* [Task goal]
Return every entry below word for word and leave out any picture.

Records drawn from a dataset:
__________

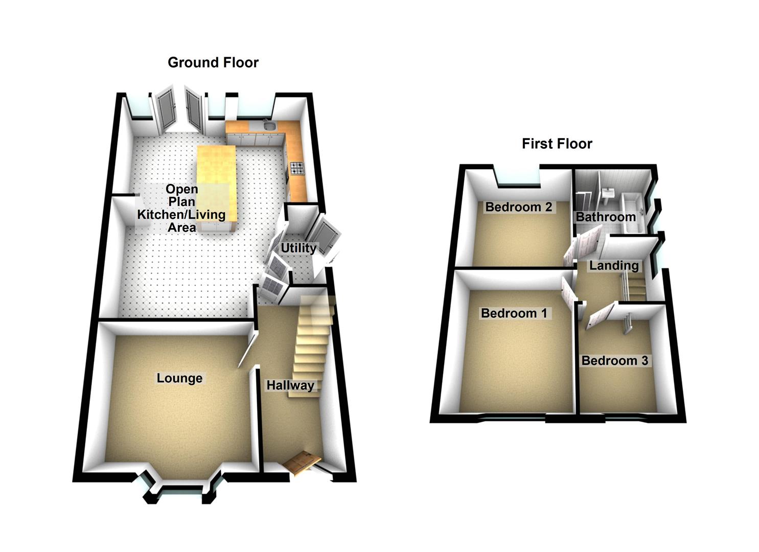 Utility Area - 3.06 x 0.84 (10'0" x 2'9") - Plumbed for washing machine, double glazed French doors leading out to the side.
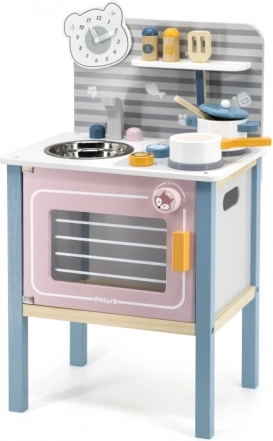 Deze keuken is gemaakt van hoogwaardig hout, waardoor hij robuust en duurzaam is en uren speelplezier biedt voor kleine koks.
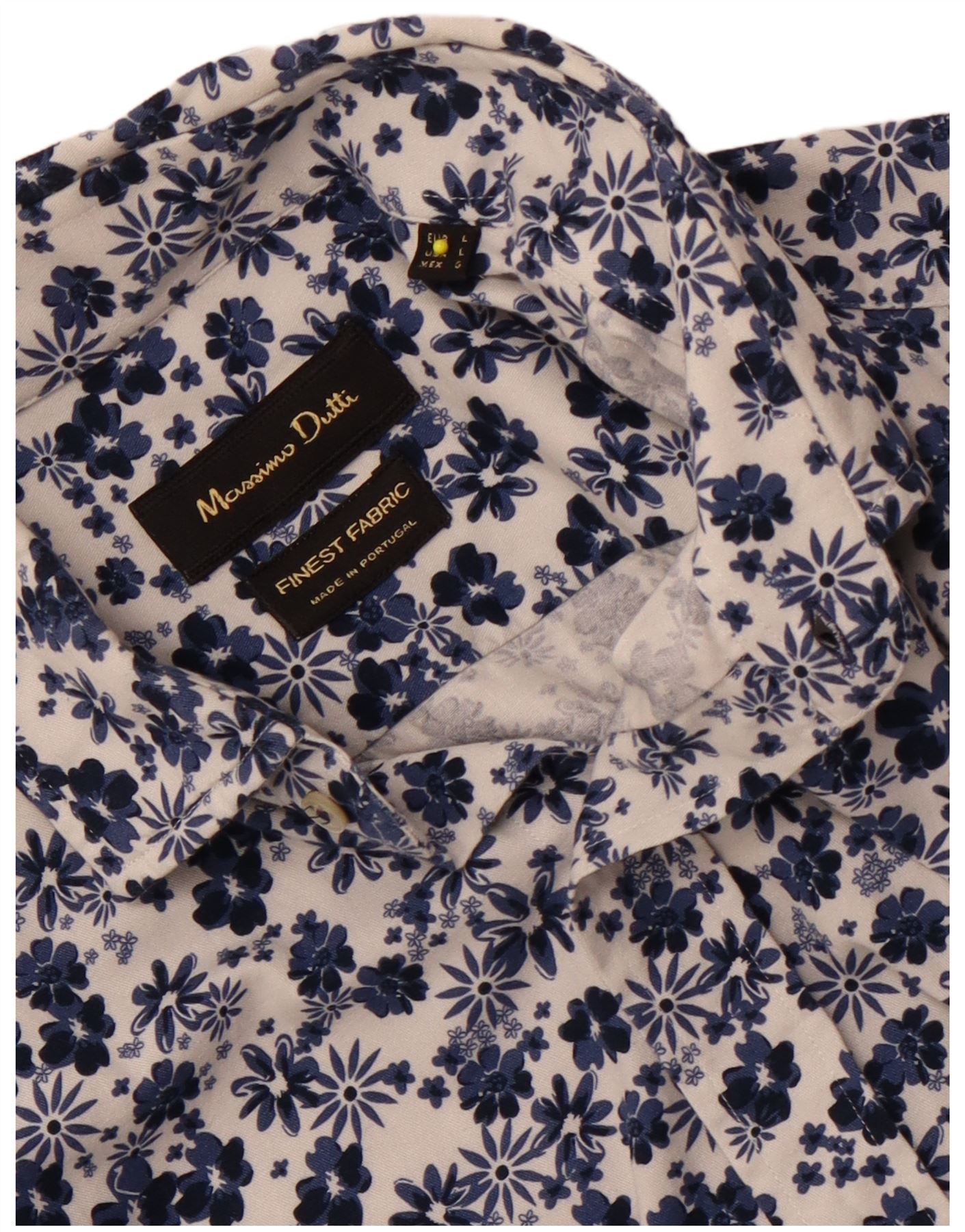- AI Description: This Massimo Dutti mens shirt is crafted from a crisp white woven fabric. It features a vibrant blue floral pattern throughout. The collared neckline and full button-up front offer a classic look. Long sleeves finish with neat cuffs. A regular fit ensures comfortable wear. This shirt combines traditional tailoring with a fresh, eye-catching design.
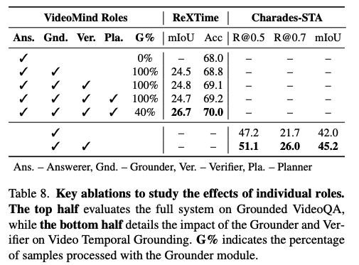 결과: VideoMind는 Answerering-only에서도 기존의 강력한 LMM들과 대등하거나 그 이상의 성능을 보여주었으며, 이는 백본인 Qwen2-VL의 능력을 보존하면서도 에이전트 워크플로우를 성공적으로 통합함을 시사한다.
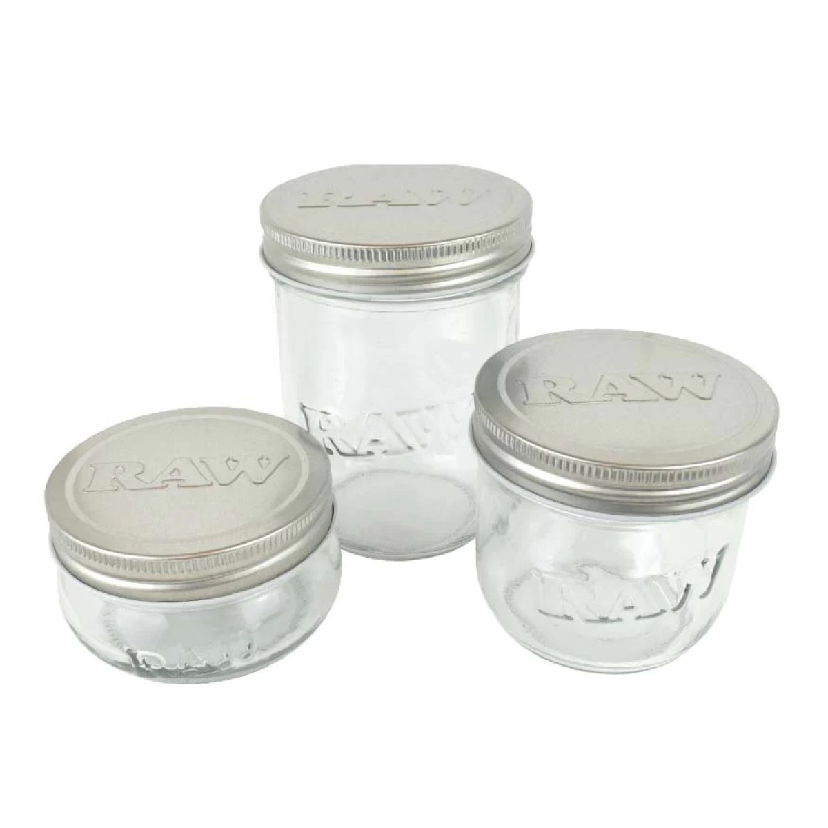 RAW Mason Jar um frasco de vidro resistente, perfeito para cura e preservação. A tampa é de rosca em metal.
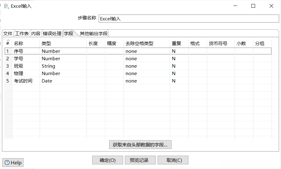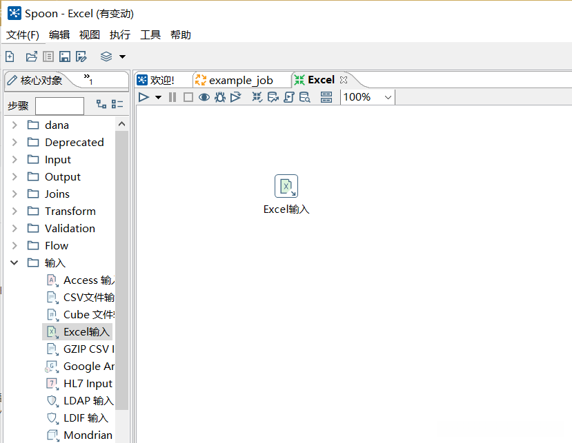 使用Kettle工具,创建一个转换,并添加Excel输入控件,具体如图1所示:
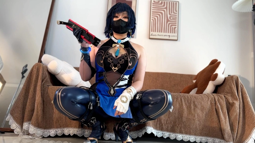 模特雁一cos夜阑进行拘束,开腿束缚带自己上锁,然后双手铐在头后,蒙眼振动玩弄,正片放置双视角
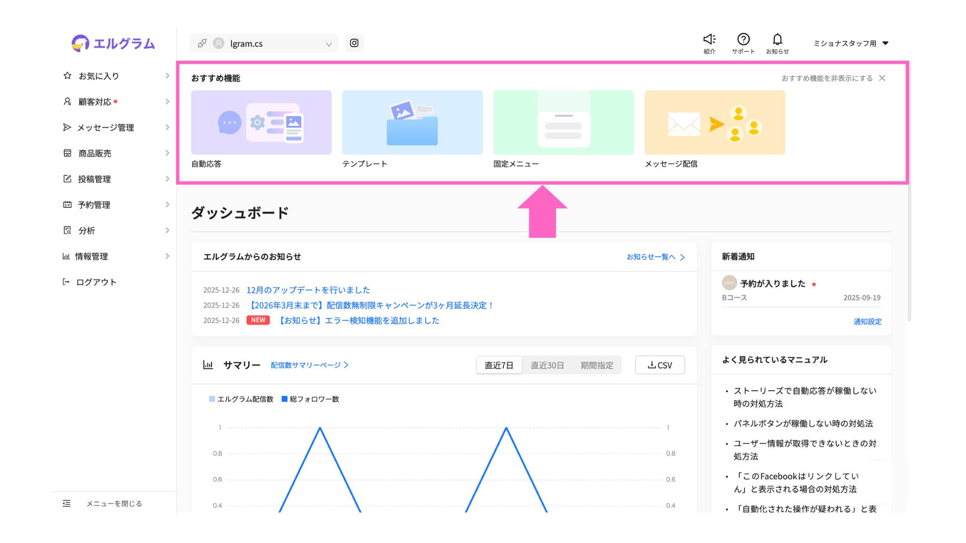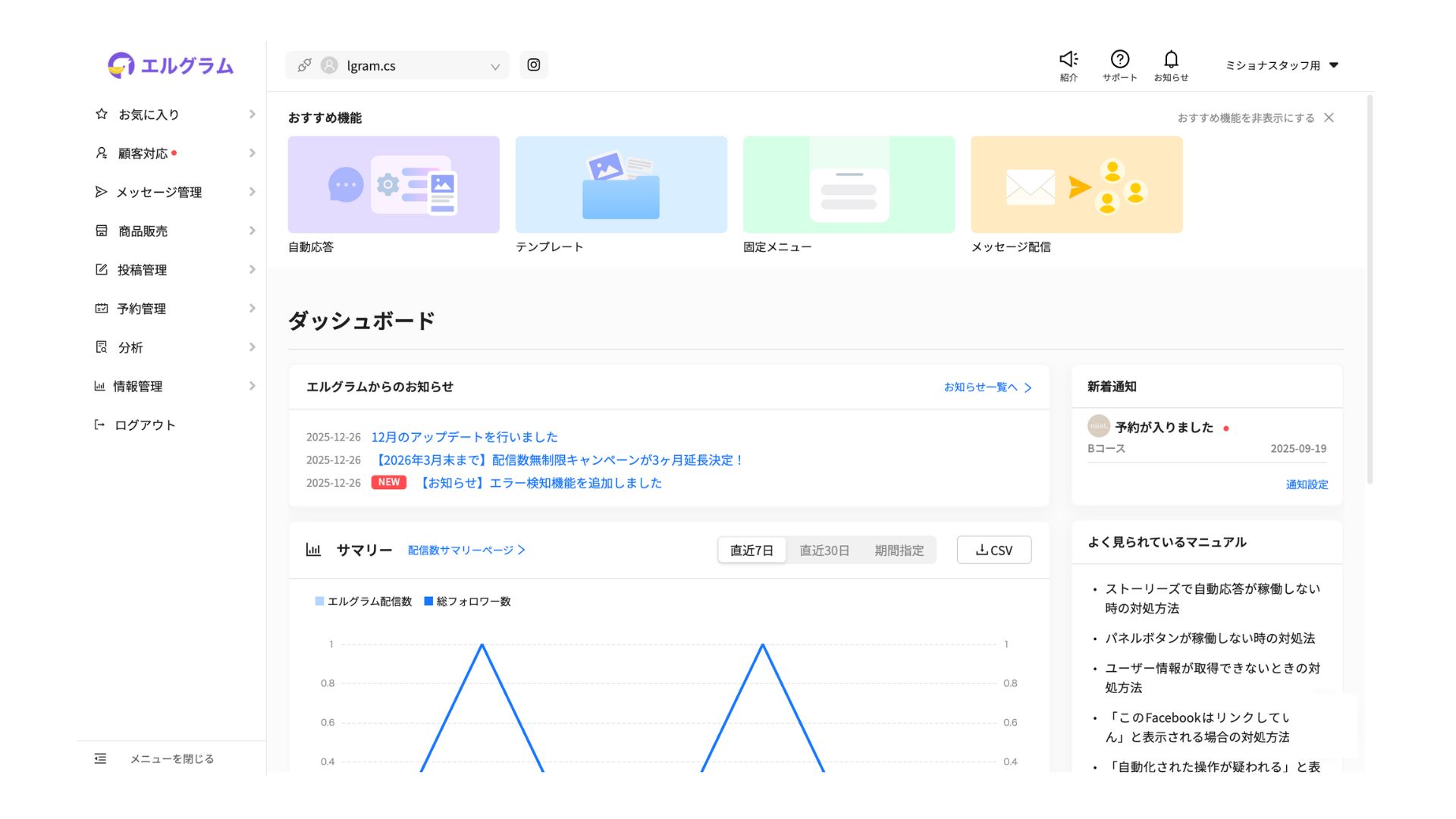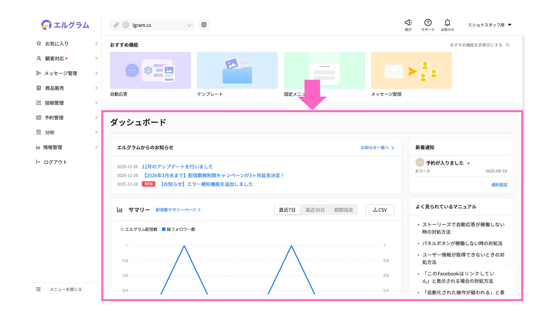 エルグラムのマニュアルや稼働状況などを確認できる、ダッシュボードが追加されました。
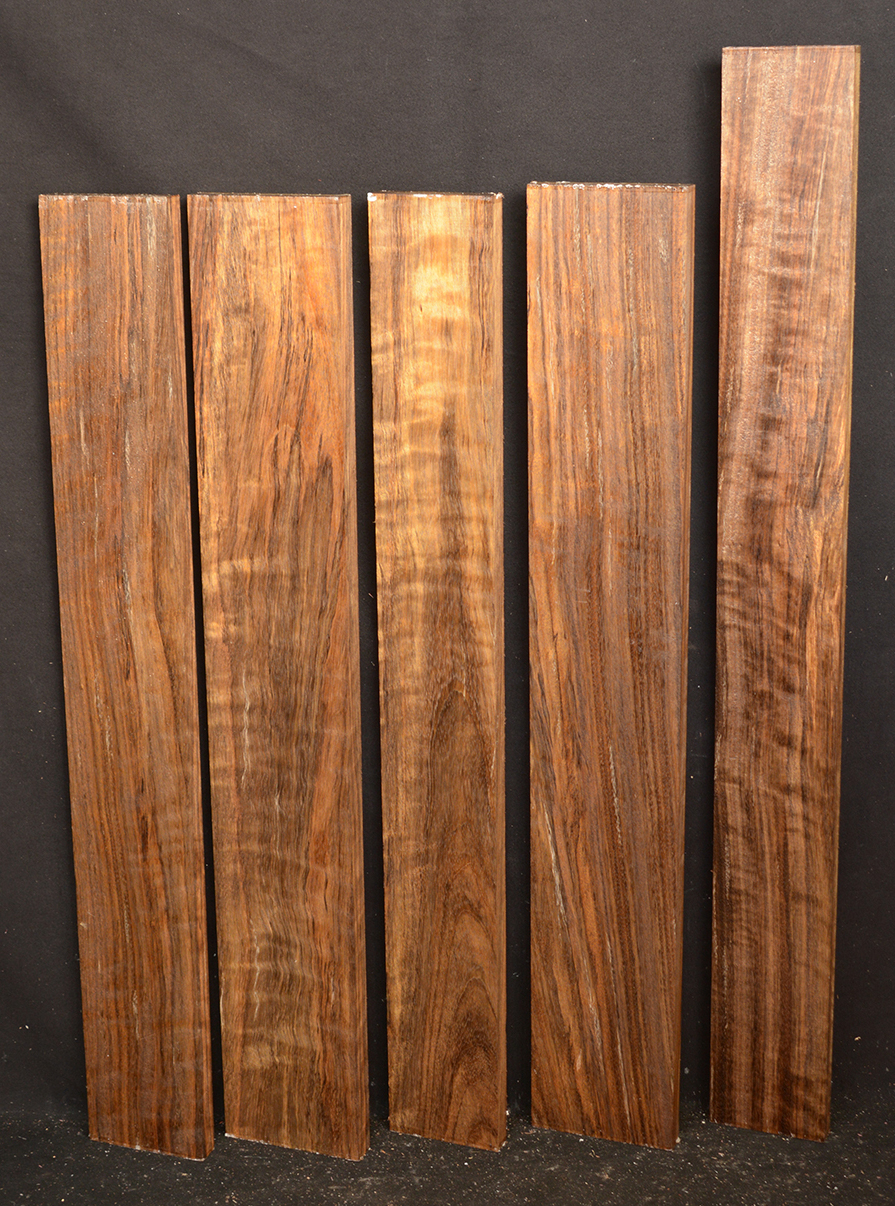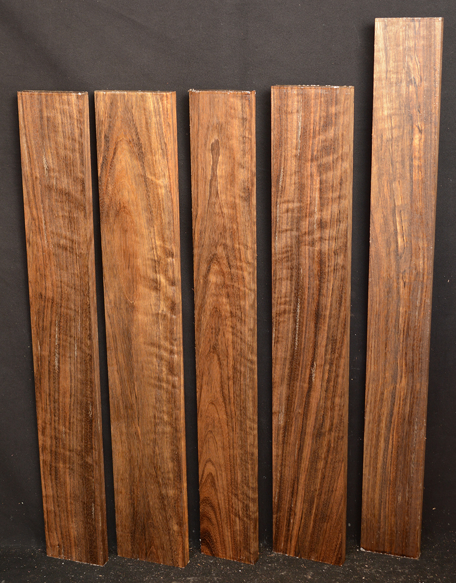 Also called Ovangkol and Amazakoue. This wood is increasingly becoming popular as an acoustic guitar wood. The color varies from a rich, golden brown to a lustrous grayish brown usually with a black stripe.
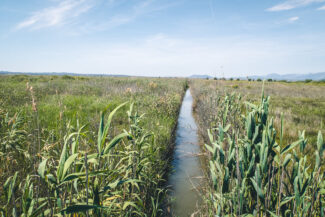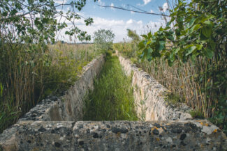 Vorbei ging es an einer alten und zerfallenen Bauernhof (?) mit seinen Anbauflächen auf der rechten Seite des Weges, während links ein betonierter Bewässerungskanal verlief, dessen ursprüngliche Aufgabe ich leider nicht erkunden konnte.
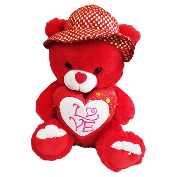 Ένα αρκουδάκι κόκκινου χρώματος, στο στηθος του έχει μία μία καρδιά, όπου πάνω της αναγράφεται η λέξη "Love" και φοράει ενα πανέμορφο καπέλο.
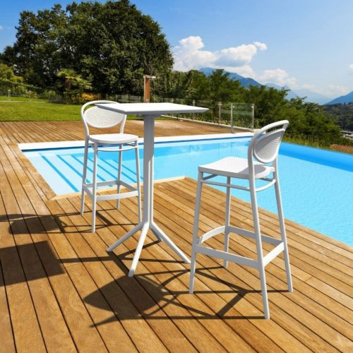 Sky Marcel Square Outdoor Bar Set with 2 Barstools White
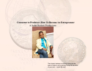 Consumer to Producer: How To Become An Entrepreneur is a based on a true story. Enclosed is a look into the life of America's very own young entrepreneur Judah Bennett. As a youngster he expresses the challenges faced and overcame in sequence to become an online entrepreneur. The book not only emphasizes the wide variety of education in order to produce an online product, but within the quotes it expresses the importance and difficulties one may be challenged with when considering the opportunity to open a storefront small business. During Bennett's altercations about the discrimination and stereotype of minor aged individuals, he discloses the significance & benefits within owning one's own company.
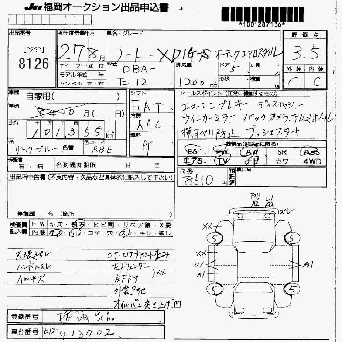 X DBA-E12 HR12DE FF CVT 1198cc 79ps(58kW)/6000rpm AИ-92 1 464 480
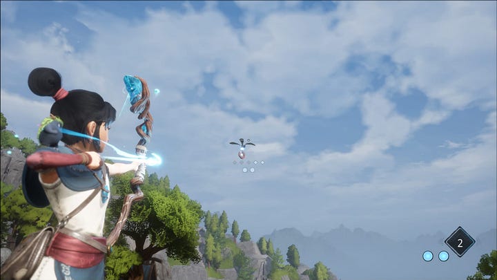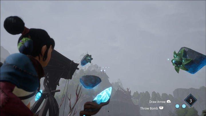 Souls-Inspired, But Missing Key QoL: While clearly drawing from FromSoftware's design, the combat lacks crucial polish. Unlike Souls games where enemy placements are deliberate, Kena throws respawning waves at you from all directions—including behind the camera—with no damage-direction indicators to help orient yourself. One particular fight had me knocked off platforms repeatedly, forcing complete restarts. Arkham-style incoming attack indicators (will probably ruin the aesthetics) or combat camera that dynamically frames all threats could have helped this.
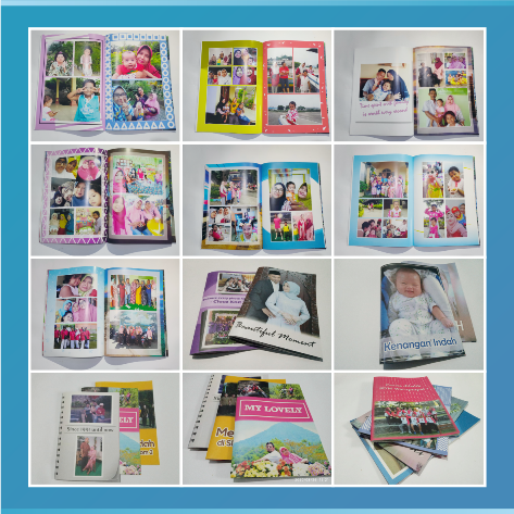- Ukuran A4 (21cm x 29,7cm) - Kertas premium tidak mudah sobek - Bervariasi desain latar belakang - Hasil foto tajam dan cerah - Muat 50-120 foto - Isi 40 Halaman - Laminasi Cover doff - Jilid Buku Lem

__________

* [Completed task]
 Utility Area - 3.06 x 0.84 (10'0" x 2'9") - Plumbed for washing machine, double glazed French doors leading out to the side.
 Deze keuken is gemaakt van hoogwaardig hout, waardoor hij robuust en duurzaam is en uren speelplezier biedt voor kleine koks.
- AI Description: This Massimo Dutti mens shirt is crafted from a crisp white woven fabric. It features a vibrant blue floral pattern throughout. The collared neckline and full button-up front offer a classic look. Long sleeves finish with neat cuffs. A regular fit ensures comfortable wear. This shirt combines traditional tailoring with a fresh, eye-catching design.
 결과: VideoMind는 Answerering-only에서도 기존의 강력한 LMM들과 대등하거나 그 이상의 성능을 보여주었으며, 이는 백본인 Qwen2-VL의 능력을 보존하면서도 에이전트 워크플로우를 성공적으로 통합함을 시사한다.
 RAW Mason Jar um frasco de vidro resistente, perfeito para cura e preservação. A tampa é de rosca em metal.
 使用Kettle工具,创建一个转换,并添加Excel输入控件,具体如图1所示:
 模特雁一cos夜阑进行拘束,开腿束缚带自己上锁,然后双手铐在头后,蒙眼振动玩弄,正片放置双视角
 エルグラムのマニュアルや稼働状況などを確認できる、ダッシュボードが追加されました。
 Also called Ovangkol and Amazakoue. This wood is increasingly becoming popular as an acoustic guitar wood. The color varies from a rich, golden brown to a lustrous grayish brown usually with a black stripe.
 Vorbei ging es an einer alten und zerfallenen Bauernhof (?) mit seinen Anbauflächen auf der rechten Seite des Weges, während links ein betonierter Bewässerungskanal verlief, dessen ursprüngliche Aufgabe ich leider nicht erkunden konnte.
 Ένα αρκουδάκι κόκκινου χρώματος, στο στηθος του έχει μία μία καρδιά, όπου πάνω της αναγράφεται η λέξη "Love" και φοράει ενα πανέμορφο καπέλο.
 Sky Marcel Square Outdoor Bar Set with 2 Barstools White
 Consumer to Producer: How To Become An Entrepreneur is a based on a true story. Enclosed is a look into the life of America's very own young entrepreneur Judah Bennett. As a youngster he expresses the challenges faced and overcame in sequence to become an online entrepreneur. The book not only emphasizes the wide variety of education in order to produce an online product, but within the quotes it expresses the importance and difficulties one may be challenged with when considering the opportunity to open a storefront small business. During Bennett's altercations about the discrimination and stereotype of minor aged individuals, he discloses the significance & benefits within owning one's own company.
 X DBA-E12 HR12DE FF CVT 1198cc 79ps(58kW)/6000rpm AИ-92 1 464 480
 Souls-Inspired, But Missing Key QoL: While clearly drawing from FromSoftware's design, the combat lacks crucial polish. Unlike Souls games where enemy placements are deliberate, Kena throws respawning waves at you from all directions—including behind the camera—with no damage-direction indicators to help orient yourself. One particular fight had me knocked off platforms repeatedly, forcing complete restarts. Arkham-style incoming attack indicators (will probably ruin the aesthetics) or combat camera that dynamically frames all threats could have helped this.
- Ukuran A4 (21cm x 29,7cm) - Kertas premium tidak mudah sobek - Bervariasi desain latar belakang - Hasil foto tajam dan cerah - Muat 50-120 foto - Isi 40 Halaman - Laminasi Cover doff - Jilid Buku Lem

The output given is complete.